How to complete this task. Look below for the line with "Copilot in Windowsは、予知できるか?(ビンゴ5編) その2" and the line with "Scattered white pumpkins"; repeat exactly those two lines and all lines between them, but no pictures.

Data for this task.
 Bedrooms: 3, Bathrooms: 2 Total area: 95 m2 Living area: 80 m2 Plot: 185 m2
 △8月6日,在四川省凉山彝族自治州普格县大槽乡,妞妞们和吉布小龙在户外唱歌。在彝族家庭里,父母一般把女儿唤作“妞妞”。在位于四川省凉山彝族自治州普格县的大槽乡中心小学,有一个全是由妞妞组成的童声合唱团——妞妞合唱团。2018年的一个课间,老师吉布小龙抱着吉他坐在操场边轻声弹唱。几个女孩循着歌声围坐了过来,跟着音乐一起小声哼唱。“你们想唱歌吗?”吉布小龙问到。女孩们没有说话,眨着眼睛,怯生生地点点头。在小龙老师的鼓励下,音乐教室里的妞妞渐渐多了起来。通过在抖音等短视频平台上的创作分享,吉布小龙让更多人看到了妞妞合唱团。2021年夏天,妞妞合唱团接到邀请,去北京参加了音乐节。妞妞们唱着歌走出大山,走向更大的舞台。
--
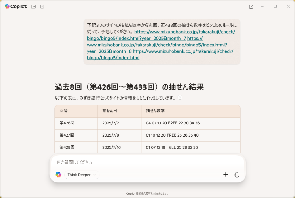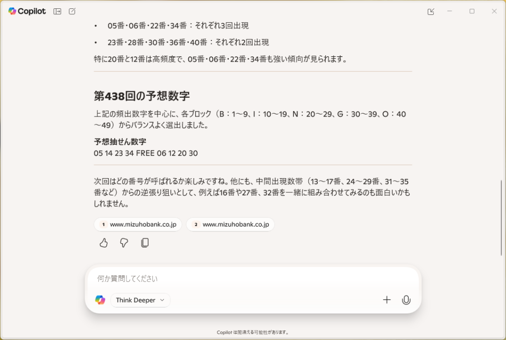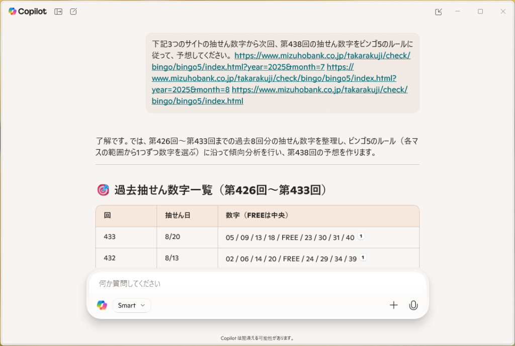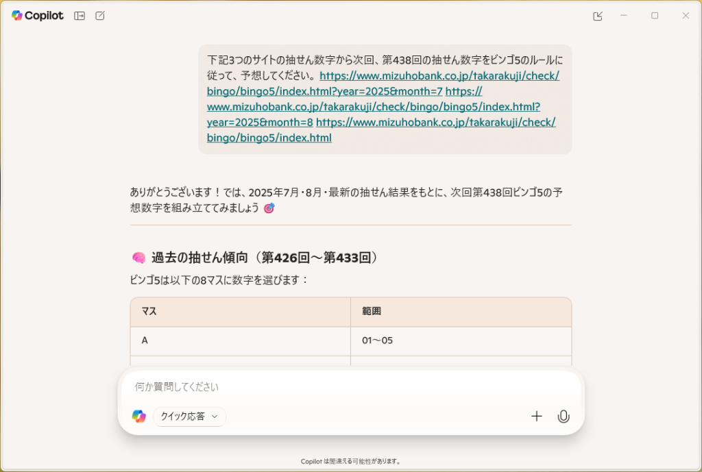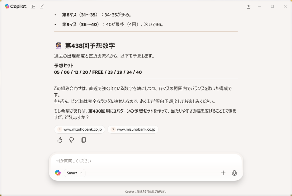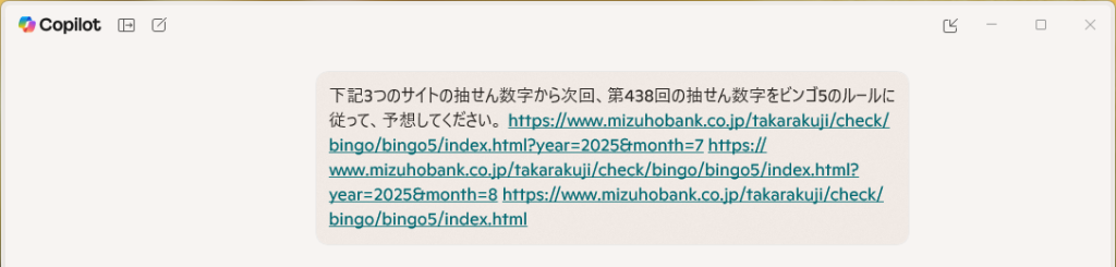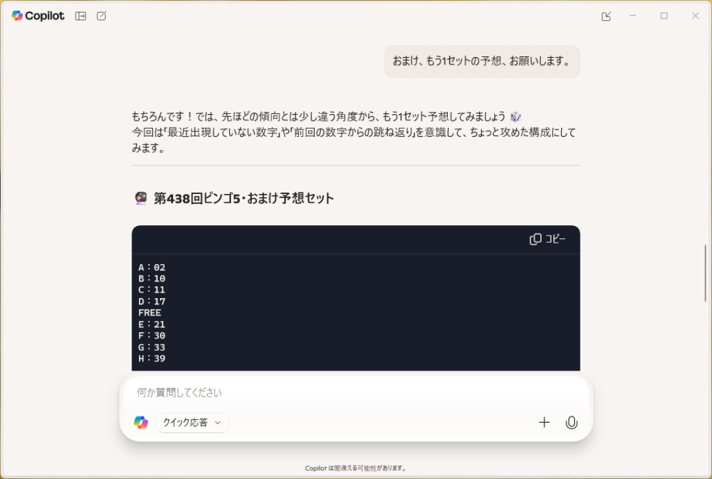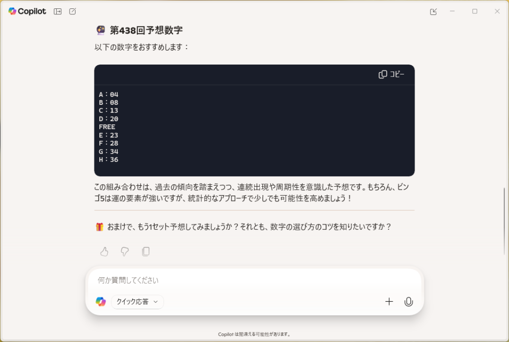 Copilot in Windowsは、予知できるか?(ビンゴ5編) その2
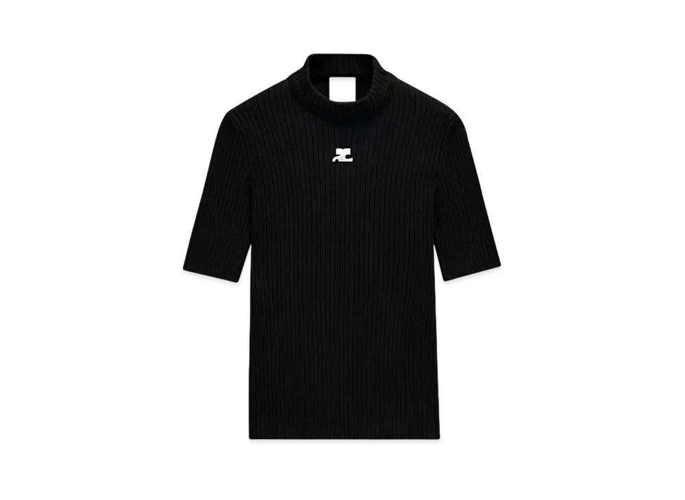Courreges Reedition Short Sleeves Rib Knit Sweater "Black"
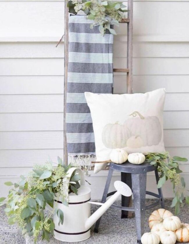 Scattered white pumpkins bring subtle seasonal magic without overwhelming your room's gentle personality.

Finished exercise.
 Copilot in Windowsは、予知できるか?(ビンゴ5編) その2
Courreges Reedition Short Sleeves Rib Knit Sweater "Black"
 Scattered white pumpkins bring subtle seasonal magic without overwhelming your room's gentle personality.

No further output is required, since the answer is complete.